D'un côté, la compétition sportive est relevée et féroce, mais de l'autre, les Jeux ont aussi un côté festif.

«Après les Jeux, ton travail est fait, a affirmé le patineur. Tu te dis je peux faire la fête aussi longtemps que je veux. Ceux qui finissent tôt, qui sont sur le "party" et qui dérangent un peu dans le village, ils se font avertir que d'autres n'ont pas terminé, et ils comprennent rapidement.»

«L'énergie est tellement élevée, que lorsque ça fini, il faut que tu te vides», a ajouté Comtois.

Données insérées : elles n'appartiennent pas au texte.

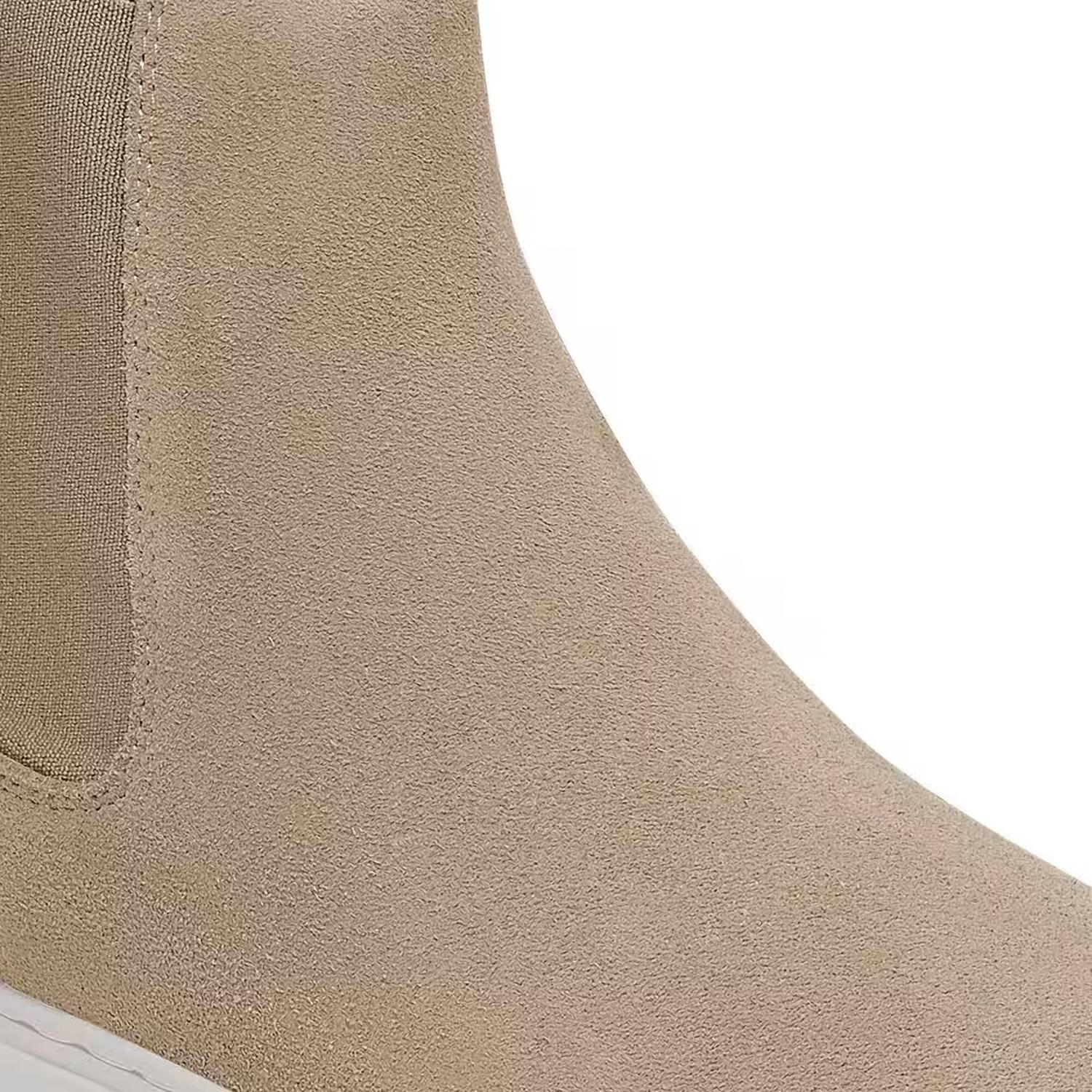 Sleek design meets unmatched comfort. Mid-top sneakerboot boasts a velvety classic suede upper and a contoured cork-latex footbed. Crafted in Germany. Ensuring a perfect blend of style and support. Features a pull-on design and stretch side gusset for effortless wear. Complemented by a natural rubber sole. Designed to keep you comfortably on your feet block after block. Rounded toe shape adding to its timeless appeal.

On a d'ailleurs fait grand cas des aventures charnelles des athlètes lors des Jeux, ces derniers temps. Les dires des médias sont-ils exagérés à ce sujet?

«Tu mets ensemble plein d'athlètes, qui sont jeunes et fringants et qui ont le goût de faire la fête à la fin de la compétition, a vulgarisé Tremblay. Ça peut être une distraction, mais pour ceux qui ont terminé, c'est pratiquement inévitable...»

«Pour moi, ça n'a jamais rien changé, a affirmé le plongeur. J'étais avec ma copine en 1996 et j'étais marié et père d'une petite fille en 2000. C'est sûr, la première chose qu'ils te disent en arrivant, c'est "la boîte de condom est là, on ne vous empêchera pas", mais..."

Une expérience humaine

Le plus gros événement sportif de la planète réunit des milliers d'athlètes, l'espace de quelques semaines, dans une expérience humaine autant que sportive.

«Tu es dans un monde à part, a expliqué Comptois. Il y a la foule, l'énergie que tu sens, l'ambiance. On se dit toujours que les Olympiques, c'est une compétition comme les autres, pour se calmer, mais non : ce n'est pas vrai.»

«C'est quelque chose de différent à vivre, a lancé Tremblay. À la cafétéria, tu rencontres Alex Ovechkin, qui est là et qui mange tranquillement. On a la chance de rencontrer des gens qu'on admire.»

Pour Comtois, qui a participé à deux Olympiades et qui est maintenant entraîneur de plongeon, ces expériences sont chose du passé. Pour François-Louis Tremblay, l'aventure n'est pas terminée : il participera aux Jeux d'hiver de 2014 à Sotchi, en Russie. Ont-ils peur de l'éphémère gloire que procure cette grande compétition, qui n'a lieu que tous les quatre ans?

Vivre de telles expériences, attirer ce genre d'attention pendant la compétition pour ensuite tomber dans l'oubli et revenir à la vie normale est souvent le lot des athlètes qui participent aux Jeux olympiques.

«On est victime du fait que les Olympiques sont tellement gros, que quand c'est fini, les gens en ont eu pour leur argent, a expliqué Tremblay. Ils veulent passer à autre chose. Il faut se préparer à l'après-carrière, il faut avoir un plan pour après les Jeux.»